- What is expected -
Extract the full listing verbatim and drop any pictures from your copy.

- Collected data -
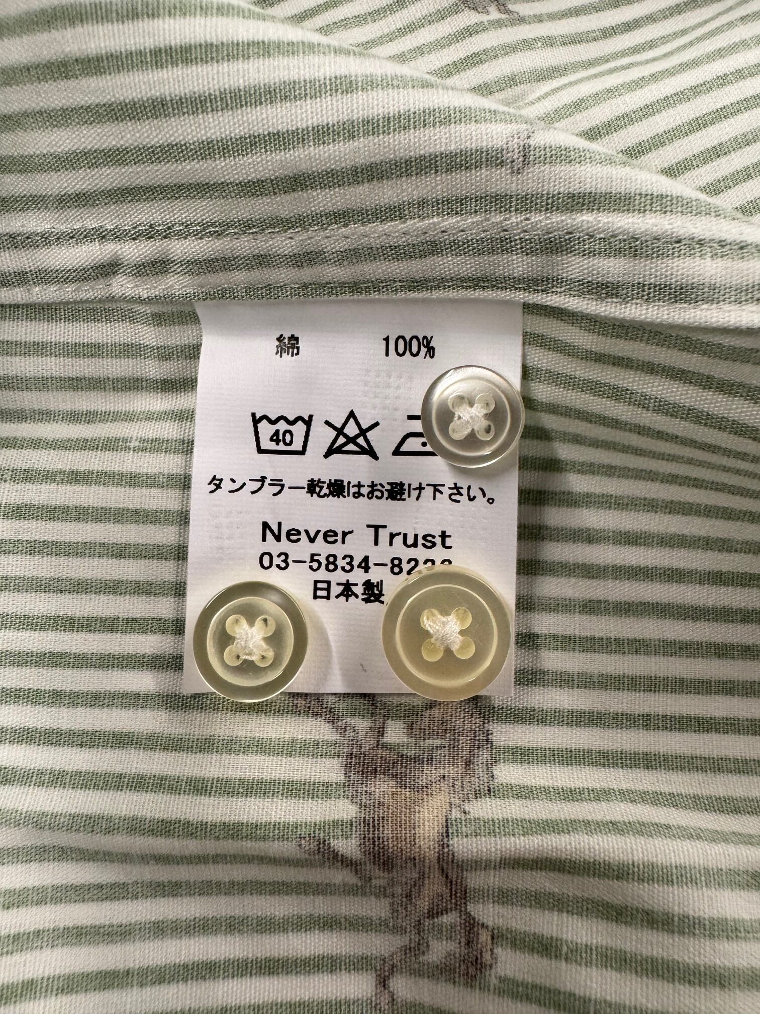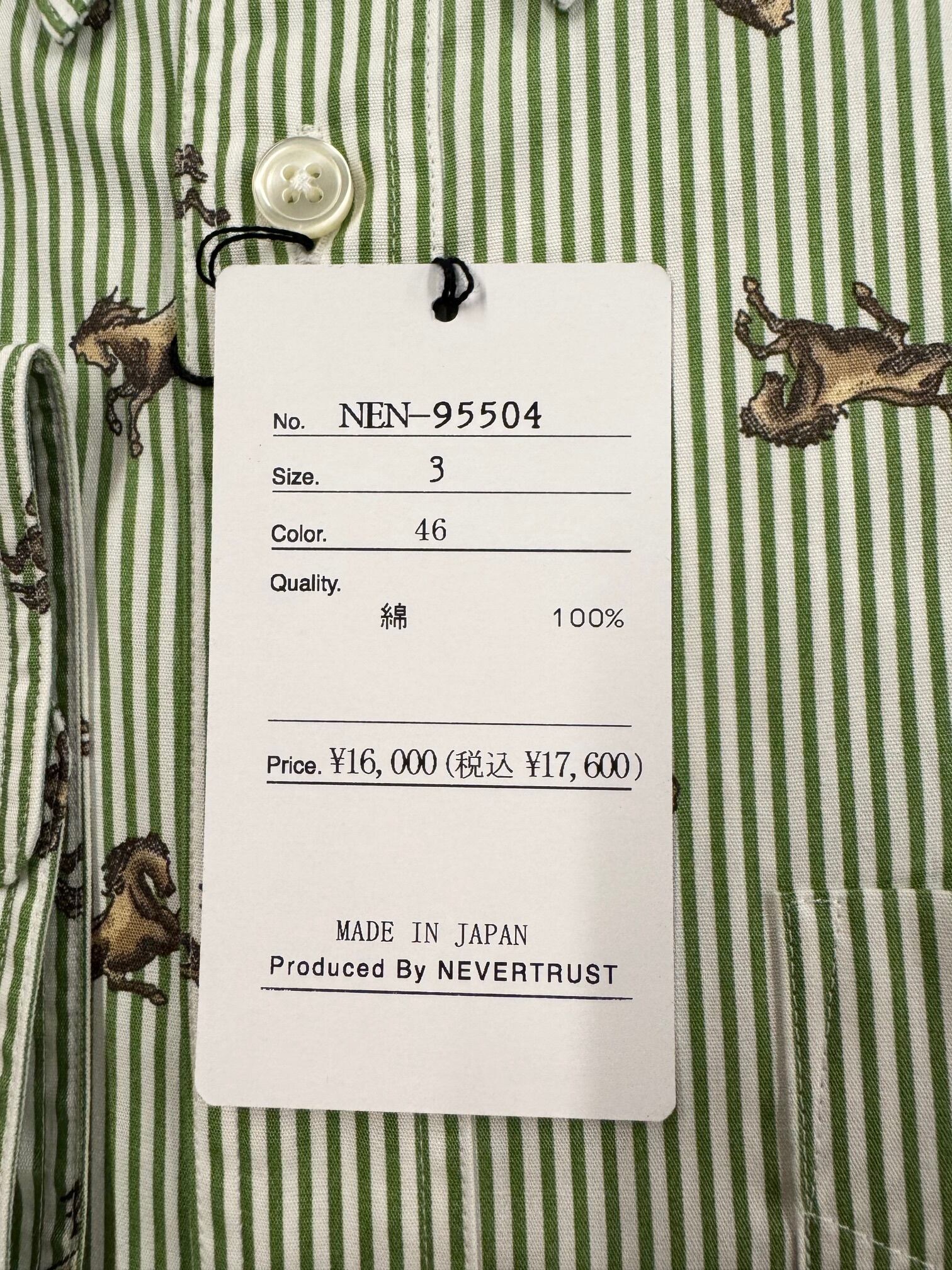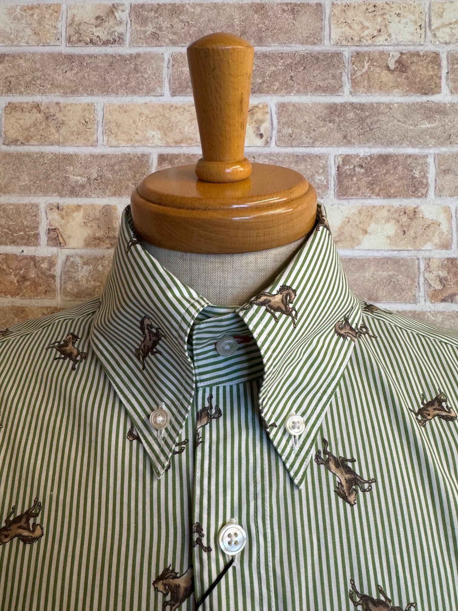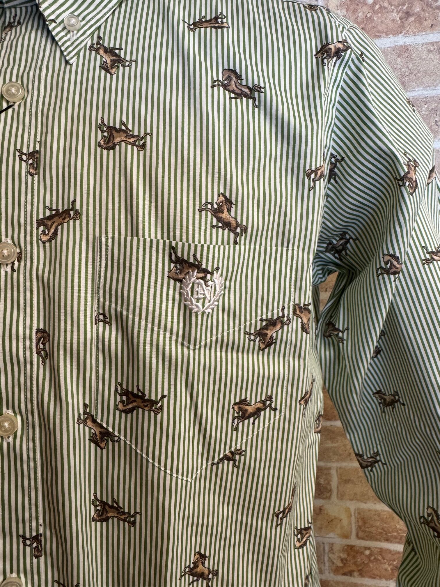 【ネバートラスト】ストライプ・ホース柄ボタンダウン長袖シャツ カラー:グリーン
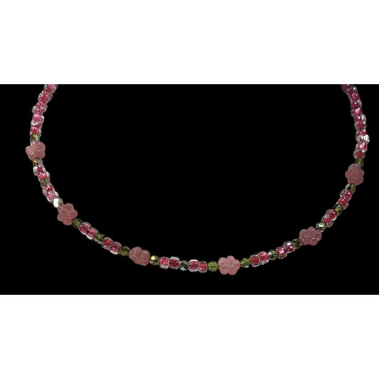 Fairycore Coquette Pink And Green Floral Handmade Glass Coil Necklace
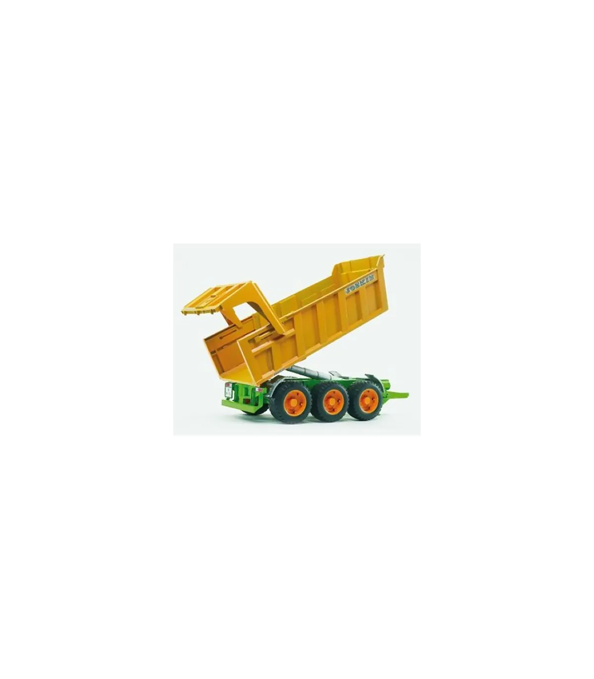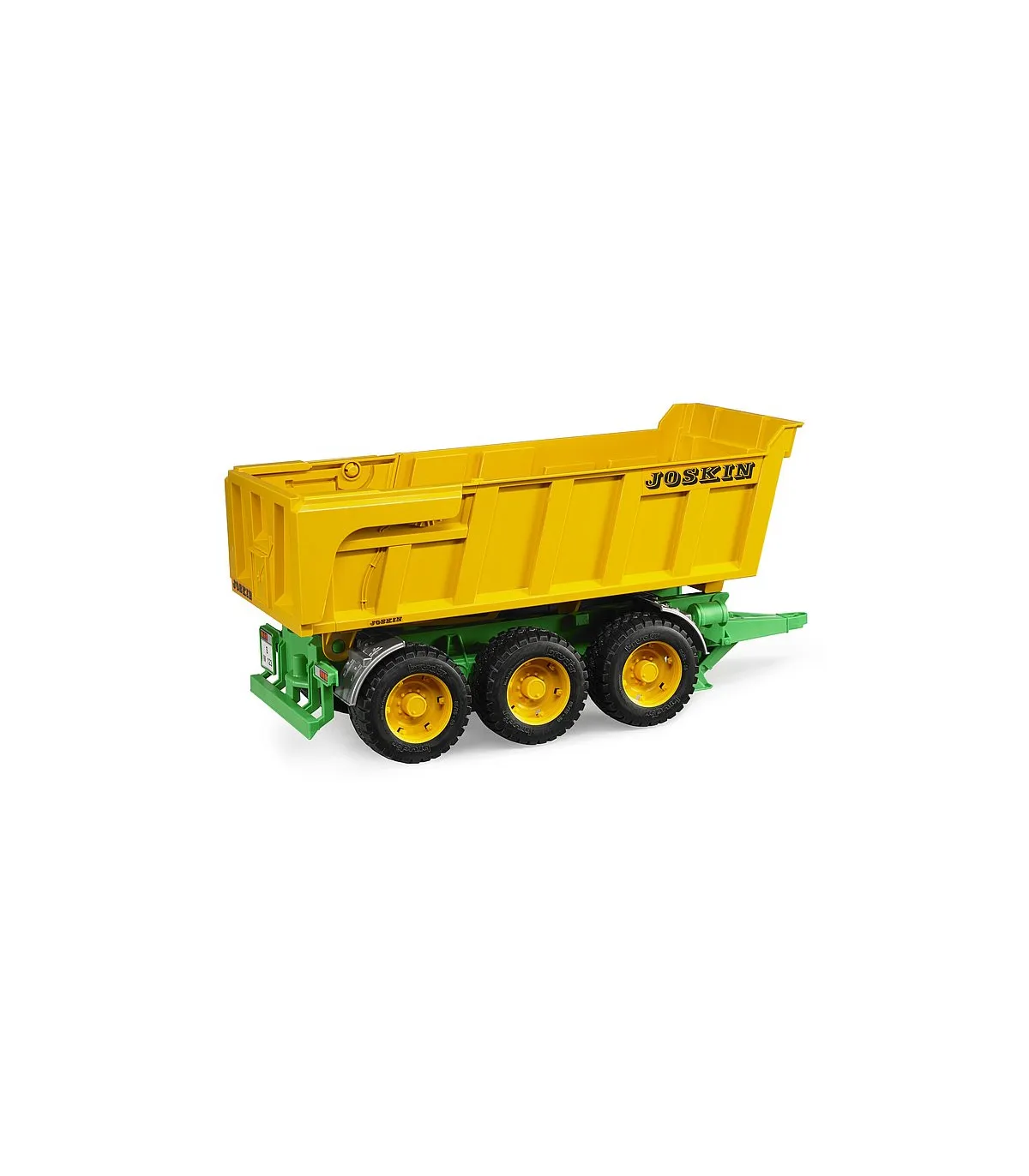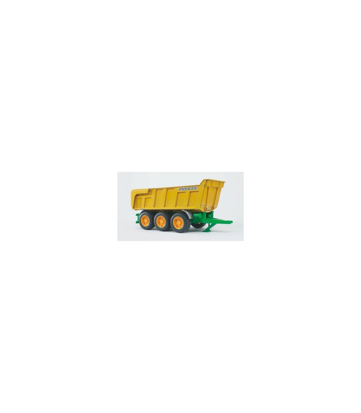 Uno de los remolques basculantes de bañera más grandes y pesados del mercado es el volquete de 3 ejes del fabricante belga Joskin. Diseñados para cargas pesadas y transportes en condiciones extremas, como obras de ingeniería civil o uso agrícola en terrenos difíciles, estos "monstruos" soportan hasta 24 toneladas de carga útil o hasta 29 metros cúbicos de volumen de carga en el original. El impresionante modelo BRUDER fue desarrollado en analogía con la serie original "Trans-SPACE" y, en línea con nuestro eslogan ... "como si fuera real" ... tiene un volquete basculante plegable y bloqueable con apertura automática del portón trasero. El chasis de 3 ejes compensa todos los terrenos irregulares. Este remolque basculante es ideal para los mejores tractores profesionales de la nueva generación, que han estado disponibles desde el otoño de 2004 y ya han encontrado muchos clientes entusiastas. Pero los tractores de la serie Profi y nuestros Unimog (que utilizan un adaptador de acoplamiento) también son adecuados como vehículos de remolque.

- Task solution -
 【ネバートラスト】ストライプ・ホース柄ボタンダウン長袖シャツ カラー:グリーン
 Fairycore Coquette Pink And Green Floral Handmade Glass Coil Necklace
 Uno de los remolques basculantes de bañera más grandes y pesados del mercado es el volquete de 3 ejes del fabricante belga Joskin. Diseñados para cargas pesadas y transportes en condiciones extremas, como obras de ingeniería civil o uso agrícola en terrenos difíciles, estos "monstruos" soportan hasta 24 toneladas de carga útil o hasta 29 metros cúbicos de volumen de carga en el original. El impresionante modelo BRUDER fue desarrollado en analogía con la serie original "Trans-SPACE" y, en línea con nuestro eslogan ... "como si fuera real" ... tiene un volquete basculante plegable y bloqueable con apertura automática del portón trasero. El chasis de 3 ejes compensa todos los terrenos irregulares. Este remolque basculante es ideal para los mejores tractores profesionales de la nueva generación, que han estado disponibles desde el otoño de 2004 y ya han encontrado muchos clientes entusiastas. Pero los tractores de la serie Profi y nuestros Unimog (que utilizan un adaptador de acoplamiento) también son adecuados como vehículos de remolque.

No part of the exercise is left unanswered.